◆ **YOUR GOAL**
Skip any pictures. Repeat the data exactly, from its first line through the line that holds "Get ready to", both included.

◆ **INPUT DATA**
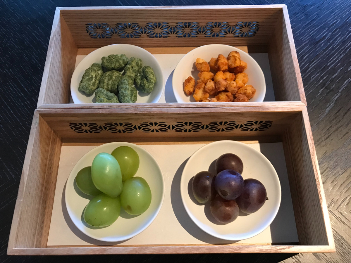 ウエルカムスイーツの小箱の御開帳です。抹茶チョコがけの胡桃とピリ辛おかき。ブドウ2種類です。巨峰なのでしょうか、黒ブドウは味が今ひとつ(劣化)で残念。
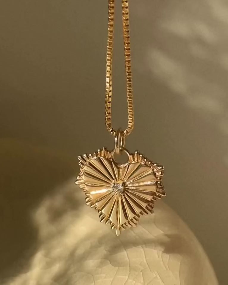 Get ready to glow with our Radiating Heart necklace! This vintage-inspired piece perfectly reflects the sunlight, so you’ll be shining all day long.
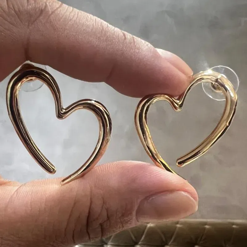 Brinco de coração Vazado banhado a ouro, com tarraxa, tamanho total do brinco com 35mm.
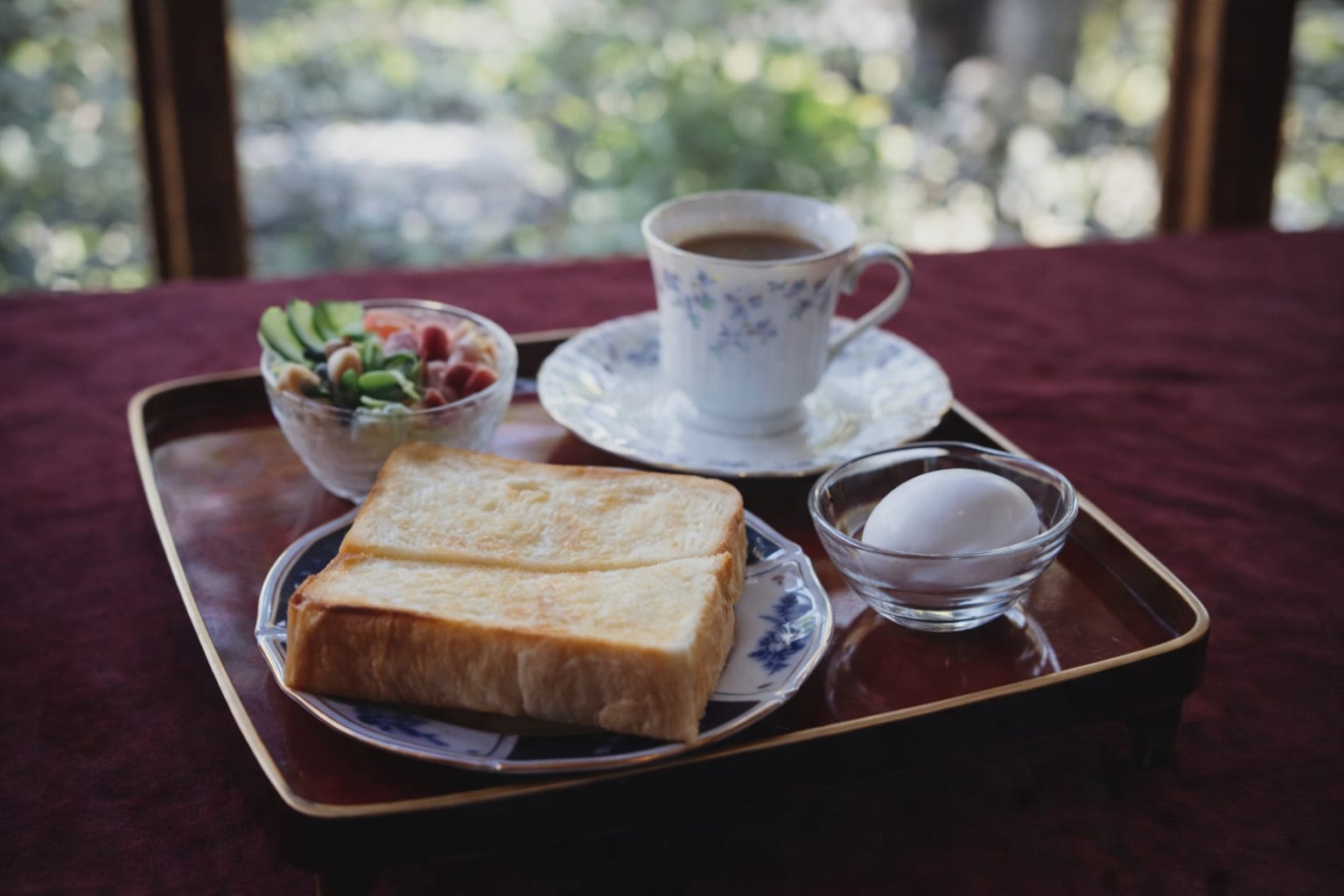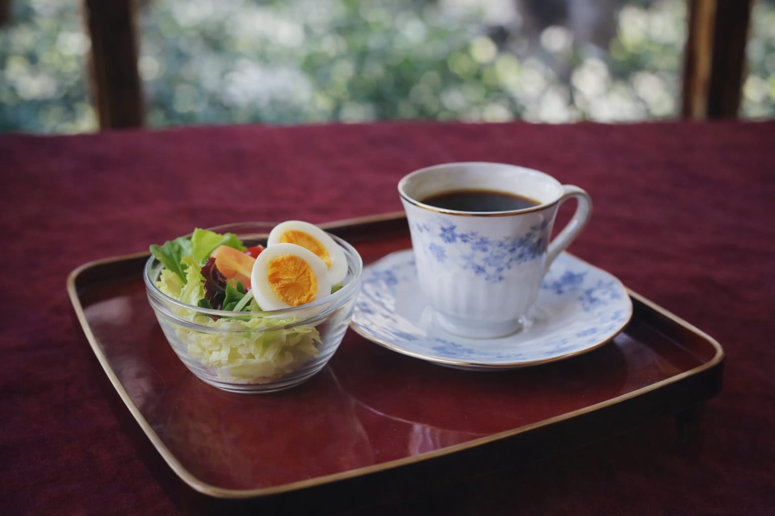 ミニサラダ・ゆで卵・コーヒーを添えた

◆ **PROBLEM SOLUTION**
 ウエルカムスイーツの小箱の御開帳です。抹茶チョコがけの胡桃とピリ辛おかき。ブドウ2種類です。巨峰なのでしょうか、黒ブドウは味が今ひとつ(劣化)で残念。
 Get ready to glow with our Radiating Heart necklace! This vintage-inspired piece perfectly reflects the sunlight, so you’ll be shining all day long.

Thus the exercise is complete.